To answer your question in a simple sentence - In an ideal scenario, variants with VAF around 50% is fully clonal. Since most somatic mutations tend to be heterozygous, a clonal mutation would have an allele frequency of 50%. Anything below ~45/40% would be a sub-clonal.
But it also depends on your tumor type. Liquid tumors (such as leukaemia) are much clean with little to no contamination. Solid tumors on other hand are dirty, often contamintated with adjacent normal tissues. In that case clonal mutations tend to be clustered around VAF lower than 50%. For example, a tumor with a purity of 80% would have a clonal mutations around 40%.

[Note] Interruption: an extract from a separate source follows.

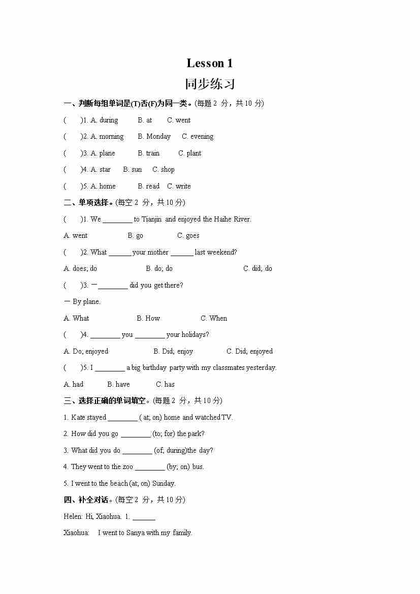 Unit 1 I went to Sanya for my holidays Lesson 1 (同步练习) 人教精通版英语六年级下册

Things get messier again since one need to consider copy-number status. If a mutation is located on an amplicon, gets its VAF amplified as well. A sub clonal mutation with copy number doubled would have a high allele frequency.
There are algorithms which account for CNV and tumor purity. You can take a look at ABSOLUTE from Broad which estimates tumor purity and clonality for variants. I have seen articles, where ABSOLUTE is used to estimate cell fractions. Here is an excerpt from an article,
Tumor cellularity was determined based on the VAF and segmented copy
number data using ABSOLUTE, in order to determine the cancer cell
fraction (CCF) of each mutation, as was previously described by
McGranahan et al. The clonal status was defined according to the
confidence interval (CI) of the CCF. Mutations were classified as
subclonal if the upper bound of their 95% CI was less than 1.
But in general, major clone would be around 50%, assuming 100% pure sample.
Again Chris Miller is the right person when it comes to tumor heterogeneity and clonality. He could correct me or add more to it.